- [WORK TO BE COMPLETED]: Please retype the listing exactly as it appears, skipping each picture.

- [SOURCE MATERIAL]:
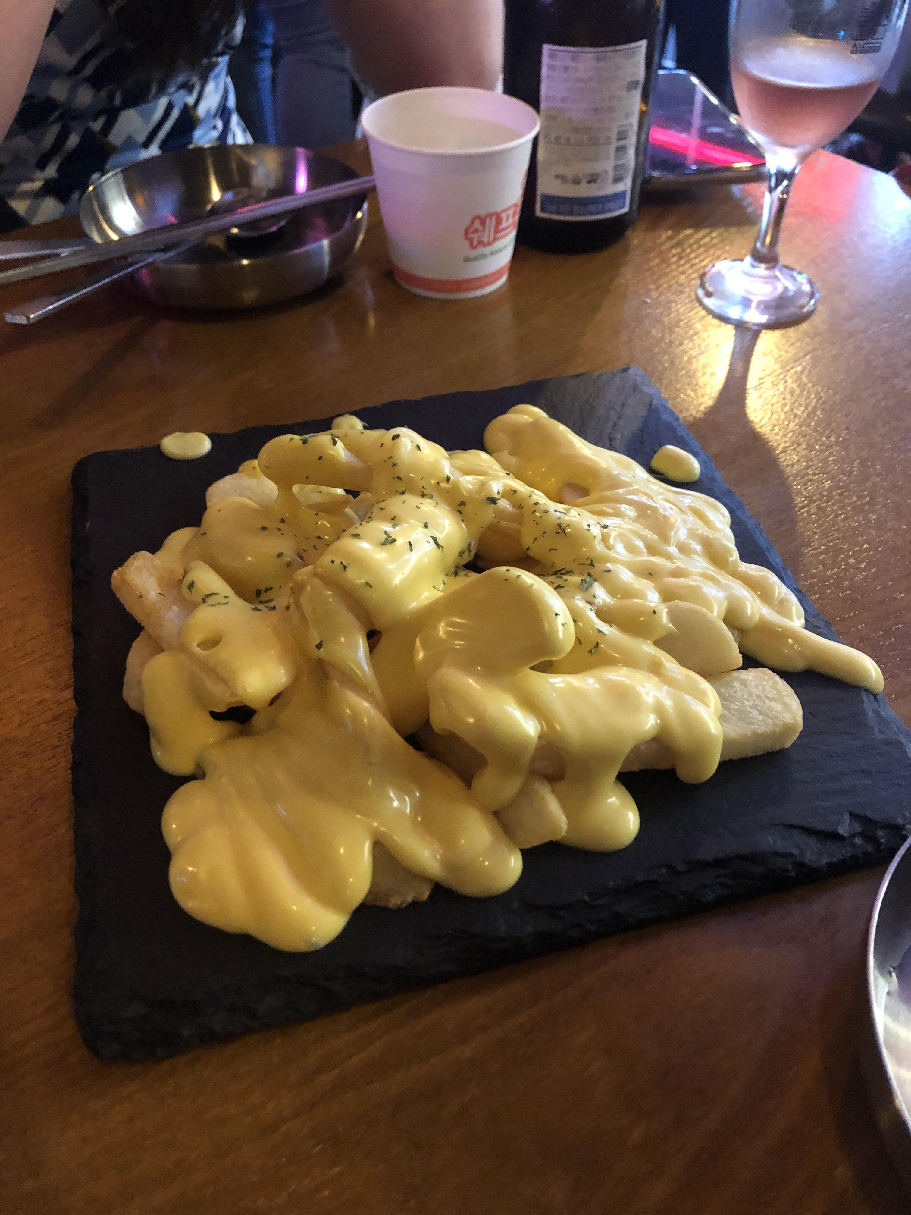 이곳에선 간단하게 갈릭 포테이토와 황도를 시켰어요
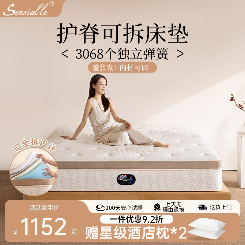 SLEEP席夢思KNIGHTは全分解マットレス独立スプリングラテックス硬パッド天然黄麻家庭用
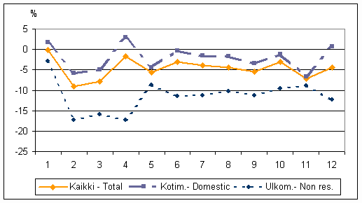 | Ulkomaat - Non-residents | 4 890 006 | -11,1 | 4 106 876 | -12,2 |
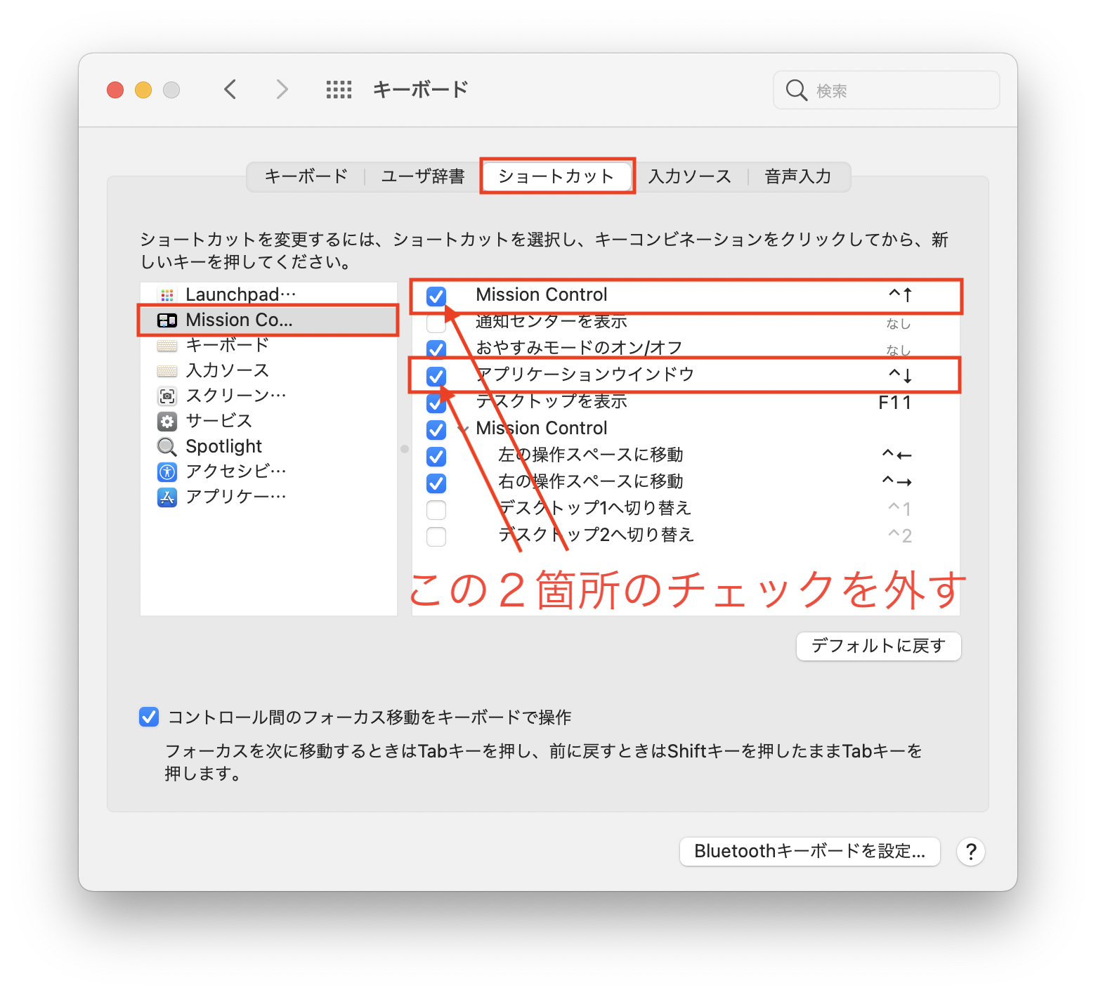 「システム環境設定>キーボード>ショートカット>Mission Control」で2箇所のチェックを外してください。

- [TASK RESPONSE]:
 이곳에선 간단하게 갈릭 포테이토와 황도를 시켰어요
 SLEEP席夢思KNIGHTは全分解マットレス独立スプリングラテックス硬パッド天然黄麻家庭用
 | Ulkomaat - Non-residents | 4 890 006 | -11,1 | 4 106 876 | -12,2 |
 「システム環境設定>キーボード>ショートカット>Mission Control」で2箇所のチェックを外してください。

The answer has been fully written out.